Besides live butterflies, Lang and her student study clipped wings and models of butterfly-inspired geometries about 10 to 100 times larger than real scales. Experiments in the lab will test how butterfly scales improve airflow.

“The flow over a butterfly wing is very complex, but when it flaps, it forms a leading-edge vortex that helps it get lift,” Lang says. “We think the scales allow the butterfly to flap a little bit slower and get the same results.”

Lang also works with Dr. Will Schreiber, a UA engineering colleague, who is studying dynamic flow over the butterfly scales through computer simulations.

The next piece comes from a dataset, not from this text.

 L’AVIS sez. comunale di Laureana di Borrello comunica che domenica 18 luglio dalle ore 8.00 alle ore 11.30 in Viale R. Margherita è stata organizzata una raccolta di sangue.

In one aspect of the project, researchers are comparing how the scales of monarch butterflies, like this one, compare to those of short-range butterflies.
In one aspect of the project, researchers are comparing how the scales of monarch butterflies, like this one, compare to those of short-range butterflies.

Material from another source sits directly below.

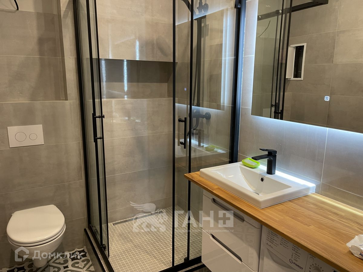 - В ванной установлена душевая кабина "Cezares" унитаз-инсталляция и зеркало со встроенной фоновой подсветкой.

Schreiber boiled down the complexity of simulating air flow through microscopic channels created by the scales on the insect’s wing into a mathematical model for study. This should lead to an understanding of how the micro-configuration of a surface can affect fluid flow over that surface, helping determine how to manipulate the surface to reduce the drag over it.

“Ultimately, of course, the goal of the project is more than looking at butterflies,” Schreiber says. “But by studying butterflies, maybe we can come up with knowledge that can be applied to an engineering design such as an aircraft which requires less fuel to make its journey.”

Modeled scales placed on man-made wings could improve airflow in micro aerial vehicles, or MAVs, miniature, unmanned, aerial robots primarily used for military reconnaissance and surveillance purposes. With bio-inspired geometries on its wings, MAVs could carry a larger payload or use less fuel. Lang speculates that future solar cells, modeled after butterfly scales on wings, could one day provide energy and improve flight.

The study of butterflies could lead to improvements in human-made flight, including possible improvements in micro-aerial vehicles.
The study of butterflies could lead to improvements in human-made flight, including possible improvements in micro-aerial vehicles.

For now, though, Lang hopes to fundamentally understand the advantages a butterfly gets from the scales on its wings.

“Innovations in the field of boundary layer control are needed to provide efficient methodologies to decrease drag and improve efficiency,” she says.

The study is funded by the National Science Foundation.

Dr. Lang is an associate professor of aerospace engineering and mechanics. Dr. Yoder is an associate professor of biological sciences in UA’s College of Arts and Sciences, and Dr. Schreiber is an associate professor of mechanical engineering.